The Complete Short Stories of Evelyn Waugh - Evelyn Waugh [177]
And after the oration came a prodigious luncheon at the University. And after the luncheon he was invested with a Doctorate of International Law. And after the investiture he was put into a bus and driven with Dr. Fe, Dr. Antonic and the Poet, back to Bellacita.
By the direct road the journey took barely five hours. It was not yet midnight when they drove down the brilliant boulevard of the capital city. Little had been said on the road. When they drew up at the Ministry, Dr. Fe said: “So our little expedition is over. I can only hope, Professor, that you have enjoyed it a particle as much as we.” He held out his hand and smiled under the arc-lamps. Dr. Antonic and the Poet collected their modest luggage. “Good-night,” they said. “Good-night. We shall walk from here. The taxis are so expensive—the double fare operates after nine o’clock.”
They walked. Dr. Fe ascended the steps of the Ministry. “Back to work,” he said. “I have had an urgent summons to report to my chief. We work late in the New Neutralia.”
There was nothing furtive about his ascent but it was swift. Scott-King caught him as he was about to enter a lift.
“But, I say, where am I to go?”
“Professor, our humble town is yours. Where would you like to go?”
“Well, I suppose I must go to an hotel. We were at the Ritz before.”
“I am sure you will be comfortable there. Tell the porter to get you a taxi and see he does not try to overcharge you. Double fare but not more.”
“But I shall see you tomorrow?”
“I hope very often.”
Dr. Fe bowed and the doors of the lift shut upon his bow and his smile.
There was in his manner something more than the reserve proper to a man of delicate feeling who had in emotion revealed too much of himself.
IV
Officially,” said Mr. Horace Smudge, “we don’t even know you’re here.”
He gazed at Scott-King through hexagonal spectacles across the Pending Tray and twiddled a new-fangled fountain pen; a multiplicity of pencils protruding from his breast pocket and his face seemed to suggest that he expected one of the telephones on his desk to ring at any moment with a message about something far more important than the matter under discussion; he was for all the world, Scott-King thought, like the clerk in the food office at Granchester.
Scott-King’s life had been lived far from chanceries, but once, very many years ago at Stockholm, he had been asked to luncheon, by mistake for someone else, at the British Embassy. Sir Samson Courtenay had been chargé d’affaires at the time and Scott-King gratefully recalled the air of nonchalant benevolence with which he had received a callow undergraduate where he had expected a Cabinet Minister. Sir Samson had not gone far in his profession but for one man at least, for Scott-King, he remained the fixed type of English diplomat.

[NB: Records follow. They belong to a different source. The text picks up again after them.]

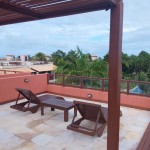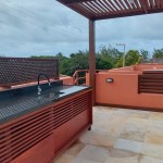 Flat 2 quartos, 1 banheiro, sala, cozinha, e varanda fantástica. No terraço privativo, espaço gourmet, com hidromassagem, deck madeira e pérgola guarda sol. Espaço maravilhoso, para o por do sol e noites de Lua, vista do mar.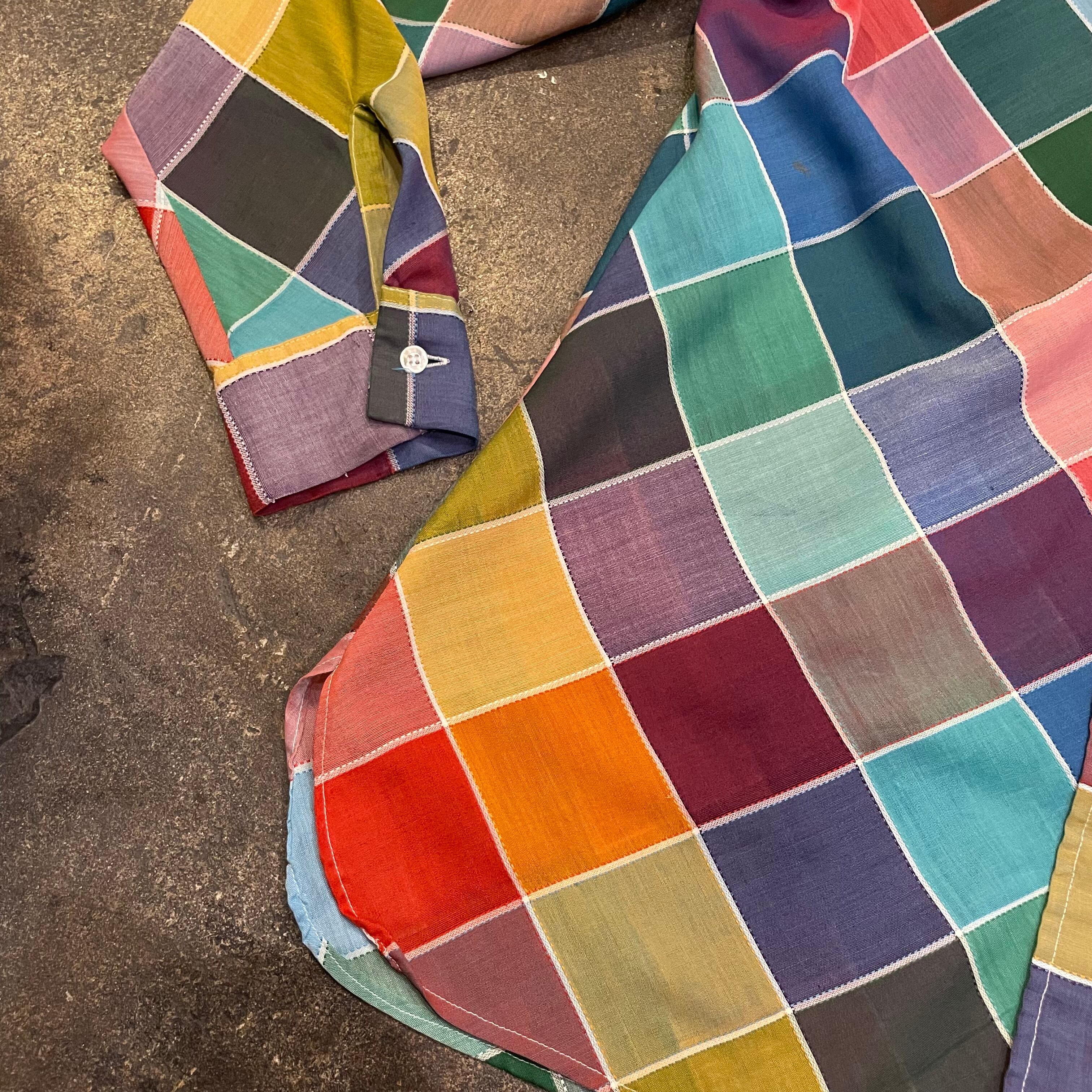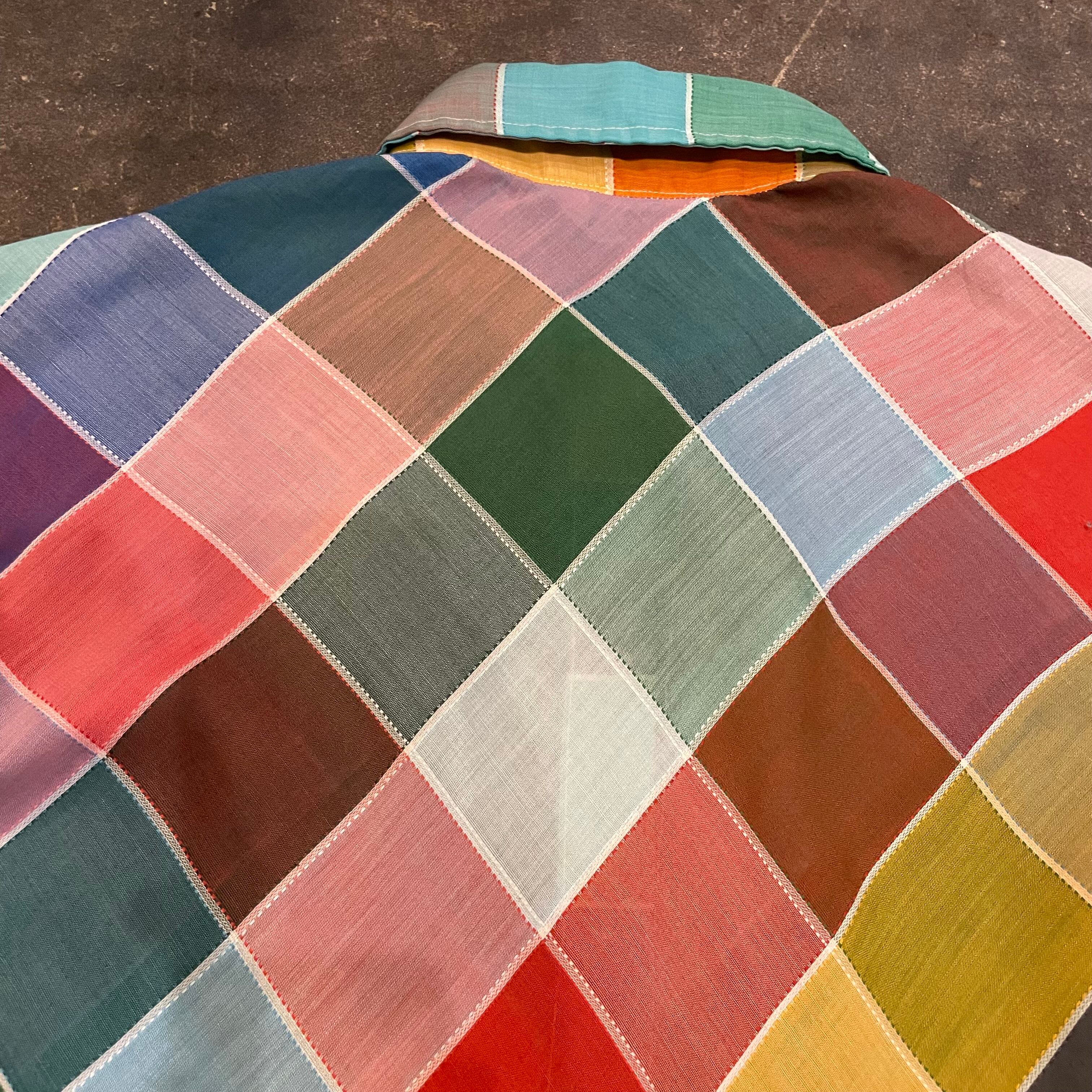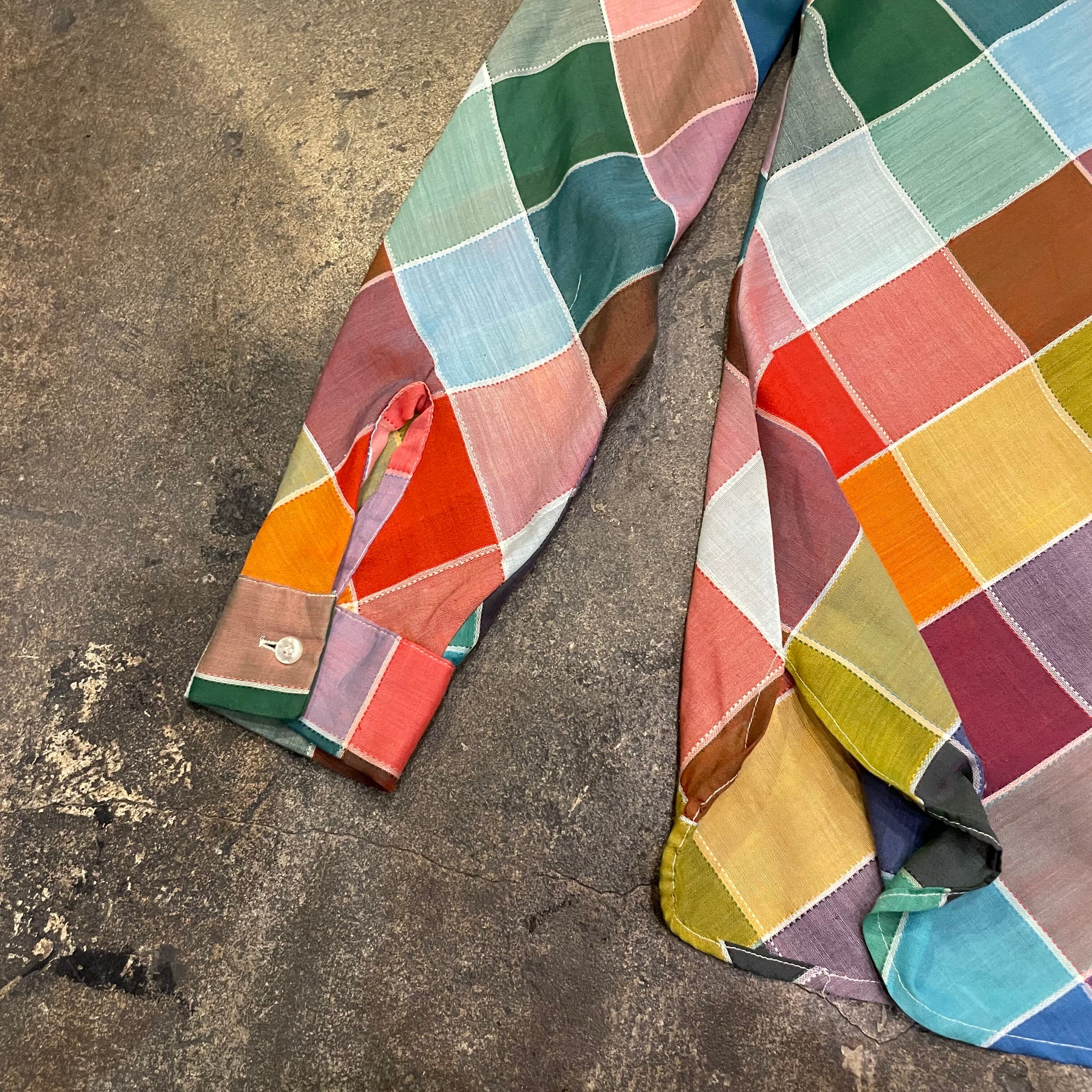 カラフルなチェック?というかパッチワーク柄のようなデザインがかわいいシースルーの長袖シャツです。
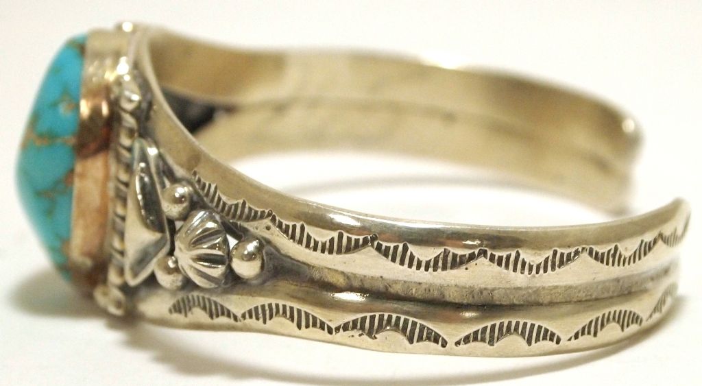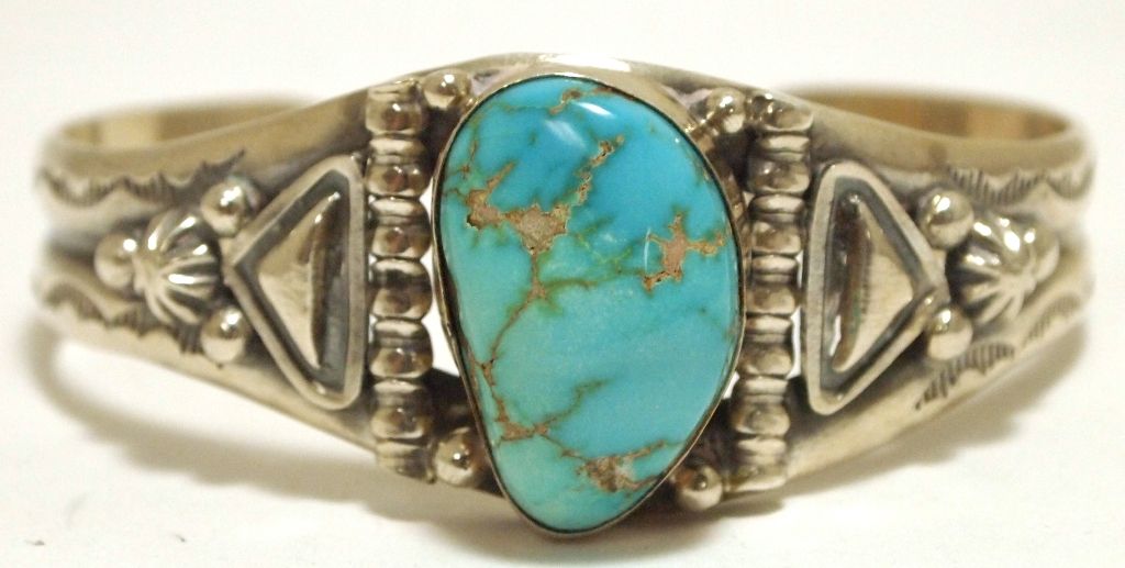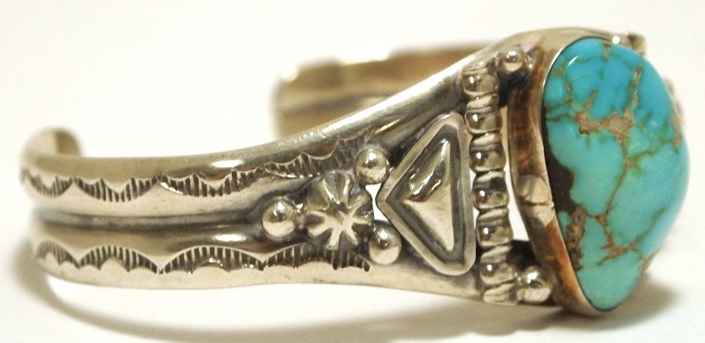 Old Pawn Navajo Pilot Mountain Turquoise Sterling Silver Cuff Bracelet - Lydia Begay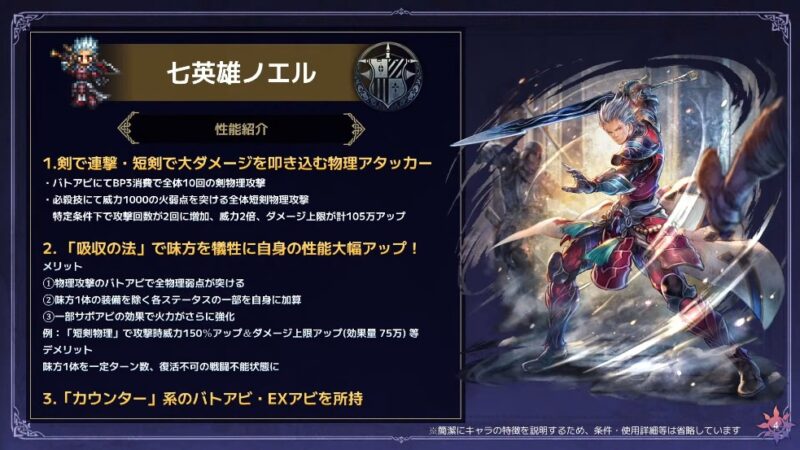ノエルは、剣と短剣による攻撃で高火力が出せるアタッカーです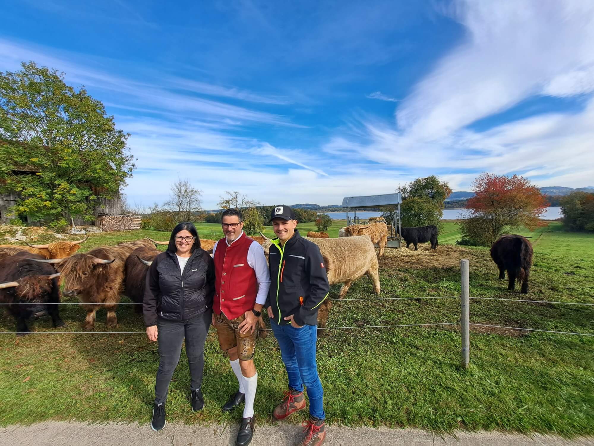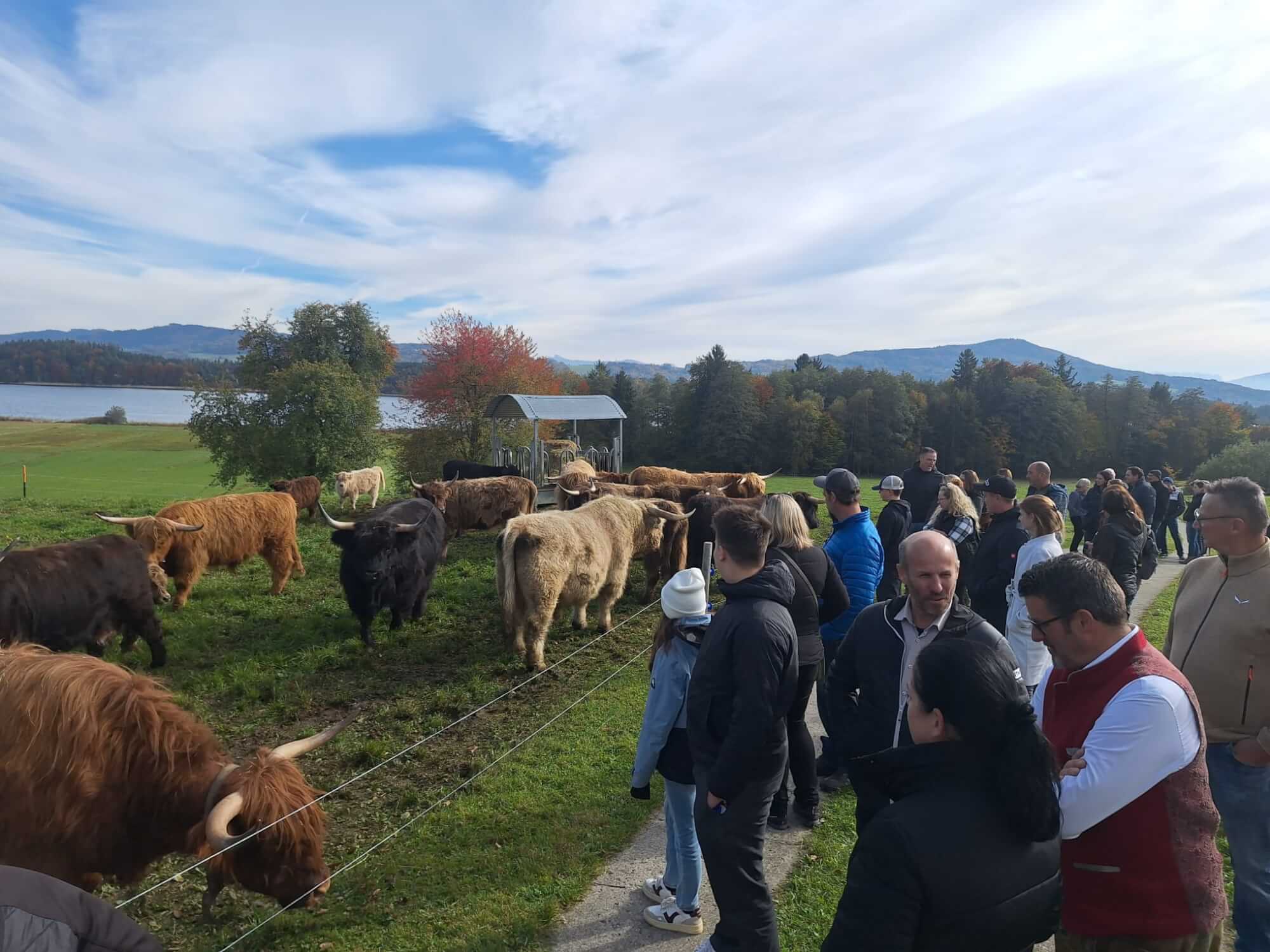 Nach einer ausgezeichneten Stärkung im Bio-Restaurant „Das Seeham“ ging es weiter zum Hubergut z’Gransdorf von Fam. Manglberger. Am Hof konnten die Züchter rund 20 Stück Hochlandrinder bestaunen. Es waren alle Fellfarben, von braun, schwarz, weiß, grau und rot, vertreten. Die Hochlandrinder genießen von April bis November eine Koppelweide mit wunderbarem Ausblick auf den angrenzenden Grabensee. Am Hubergut werden 1–2 Mal im Jahr Bio-Highlandbeef-Fleischpakete sowie Würste und diverse Edelteile direkt ab Hof vermarktet.

Smudge was not as Sir Samson; he was the child of sterner circumstances and a more recent theory of public service; no uncle had put in a bland word for Smudge in high places; honest toil, a clear head in the examination room, a genuine enthusiasm for Commercial Geography, had brought him to his present position as second secretary at Bellacita. “You’ve no conception,” said Smudge, “what a time we have with Priorities. I’ve had to put the Ambassadress off the plane twice, at the last moment, to make room for I.C.I. men. As it is I have four electrical engineers, two British Council lecturers and a trades unionist all wanting passages. Officially we have not heard of Bellorius. The Neutralians brought you here. It’s their business to get you back.”
“I’ve been to them twice a day for three days. The man who organized everything, Dr. Fe, seems to have left the Ministry.”
“You could always go by train, of course. It takes a little time but it would probably be quicker in the end. I presume you have all the necessary visas?”
“No. How long would they take to get?”
“Perhaps three weeks, perhaps longer. It’s the Inter-Allied Zone Authority which holds things up.